Aunque no tan conocida como la Reforma en Alemania o Inglaterra, España tuvo su propia “reforma”. Este movimiento, sin embargo, fue más subterráneo y sofocado rápidamente por la Inquisición y las autoridades eclesiásticas. La comunidad reformista en Sevilla, a la que Ponce de la Fuente estuvo vinculado, es el ejemplo más prominente de este fenómeno.

La Inquisición, al percatarse de las actividades de este círculo, actuó con rapidez y determinación. En 1559, muchos de los líderes y seguidores de la reforma sevillana fueron arrestados, juzgados y, en muchos casos, ejecutados. Constantino Ponce de la Fuente, quien había fallecido un año antes, fue condenado post-mortem, y sus obras fueron incluidas en el Index Librorum Prohibitorum, la lista de libros prohibidos por la Iglesia Católica.

Conclusión

La Casa de Doctrina en Sevilla y la figura de Constantino Ponce de la Fuente ilustran cómo las ideas reformistas hallaron eco incluso en los lugares menos esperados. Aunque la Reforma española fue efímera y violentamente reprimida, deja un testimonio de la universalidad del deseo humano de explorar, cuestionar y renovar las creencias religiosas. En la historia de la Reforma europea, la experiencia española ofrece una perspectiva única sobre el choque entre la novedad y la tradicción en una nación profundamente católica.
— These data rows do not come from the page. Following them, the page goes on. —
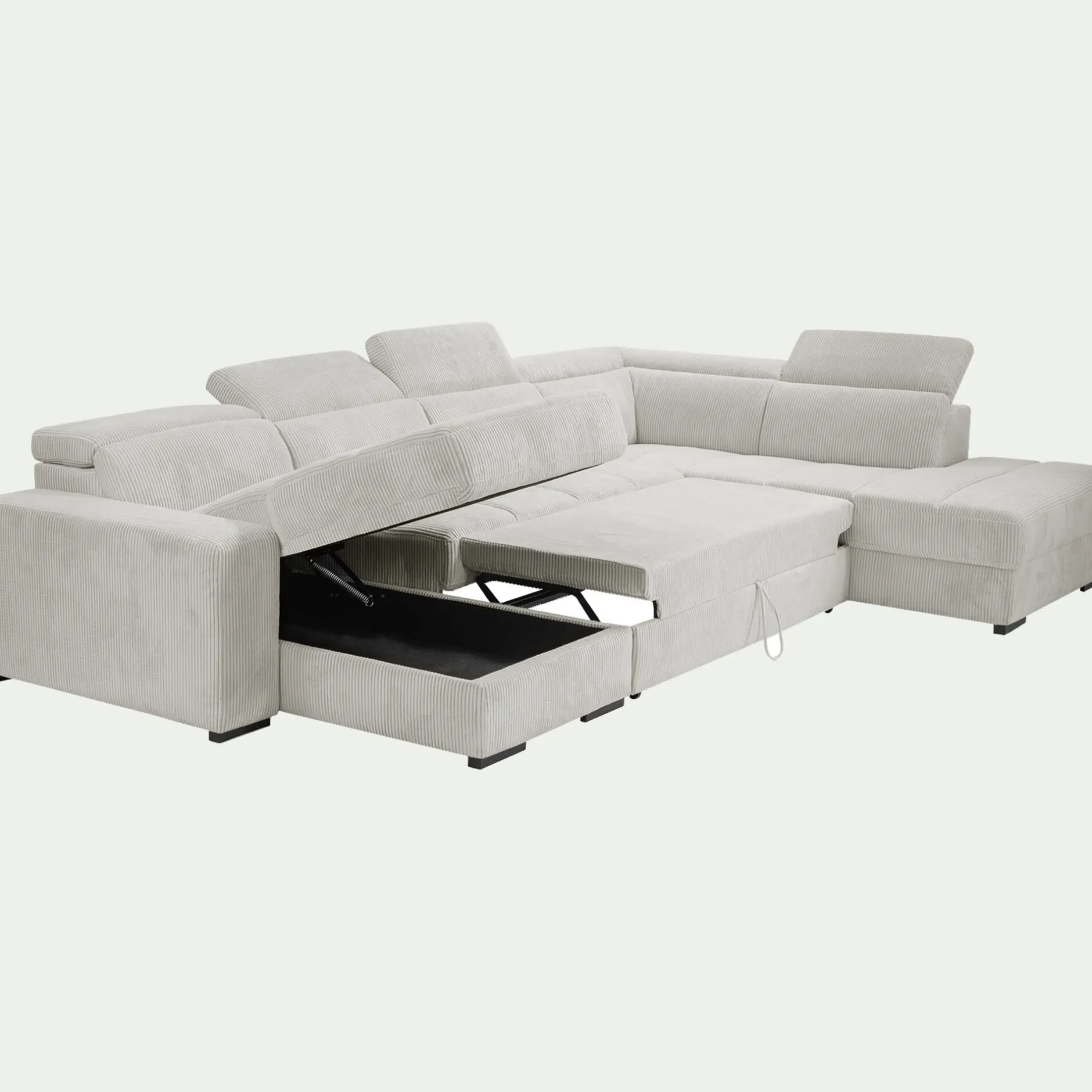 Ce canapé panoramique en tissu côtelé beige roucas est la solution complète pour votre salon. Sa forme en U structure l’espace et offre une capacité d’accueil exceptionnelle. Pensé pour le quotidien, il se transforme facilement en un couchage confortable. Sous sa méridienne se cache un vaste coffre de rangement, idéal pour optimiser votre pièce de vie. Son tissu à grosses côtes, à la fois tendance et résistant, en fait une pièce aussi esthétique que maline. Un véritable canapé 3-en-1, parfait pour les grandes familles et les intérieurs vivants.
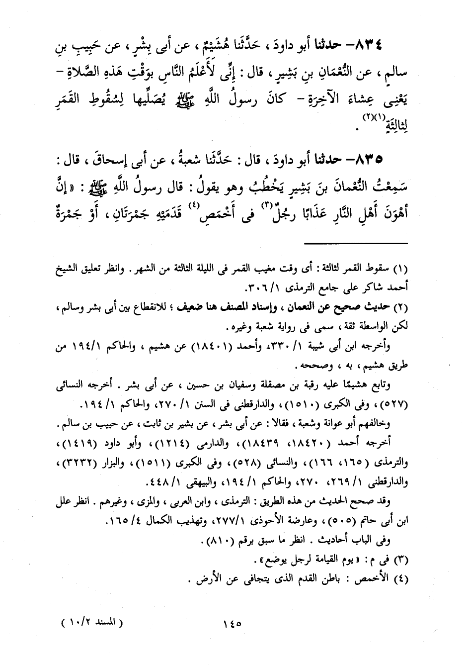 834 - حَدَّثَنَا أَبُو دَاوُدَ قَالَ: حَدَّثَنَا هُشَيْمٌ، عَنْ أَبِي بِشْرٍ، عَنْ حَبِيبِ بْنِ سَالِمٍ، عَنِ النُّعْمَانِ بْنِ بَشِيرٍ، قَالَ: إِنِّي لَأَعْلَمُ النَّاسِ بِوَقْتِ هَذِهِ الصَّلَاةِ يَعْنِي عِشَاءَ الْآخِرَةِ «كَانَ رَسُولُ اللَّهِ صَلَّى اللهُ عَلَيْهِ وَسَلَّمَ §يُصَلِّيهَا لِسُقُوطِ الْقَمَرِ لِثَالِثَةٍ»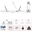 Το πλαίσιο της είναι κατασκευασμένο από αλουμίνιο υψηλής ποιότητας με ρυθμιζόμενο βραχίονα, αναδιπλούμενο για να παραμένει κλειστή στην οροφή ή να αποθηκεύεται εύκολα χωρίς να πιάνει χώρο, όταν δεν είναι σε χρήση και εξοπλισμένο με αντικλεπτικό σύστημα ασφαλείας για προστασία του ποδηλάτου που συγκρατεί κατά τη μεταφορά χωρίς τον κίνδυνο κλοπής σε πιθανή περίπτωση στάσης.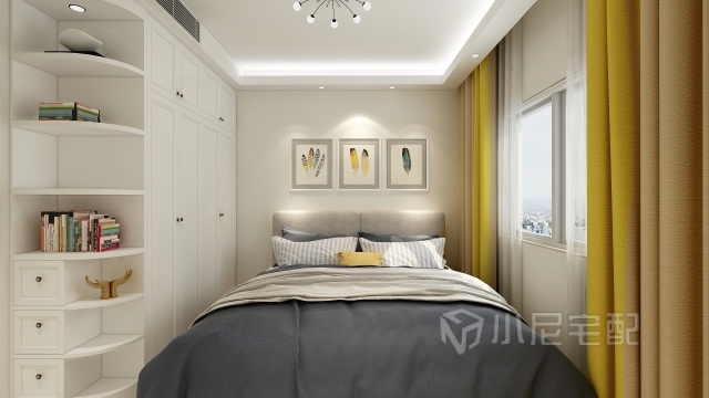 臥室整體灰色相呼應(yīng)亮黃色點(diǎn)綴

Conviene constatar por último, que los libros de Constantino, que más tarde serían incluidos en el Índice de libros prohibidos, durante algunos años circularon libremente por la Península y gozaron de licencia eclesiástica.

A juicio de Marcel Bataillon (un hispanista francés), de no haber intervenido la Inquisición tan vigorosa y violentamente en 1558, los grupos de reforma protestante en Sevilla, Valladolid, Salamanca, Zamora, Toro, Palencia, Logroño y otras ciudades, “hubieran acabado por convertirse en verdaderas comunidades protestantes, comparables con las que se estaban constituyendo en Francia por el mismo tiempo.”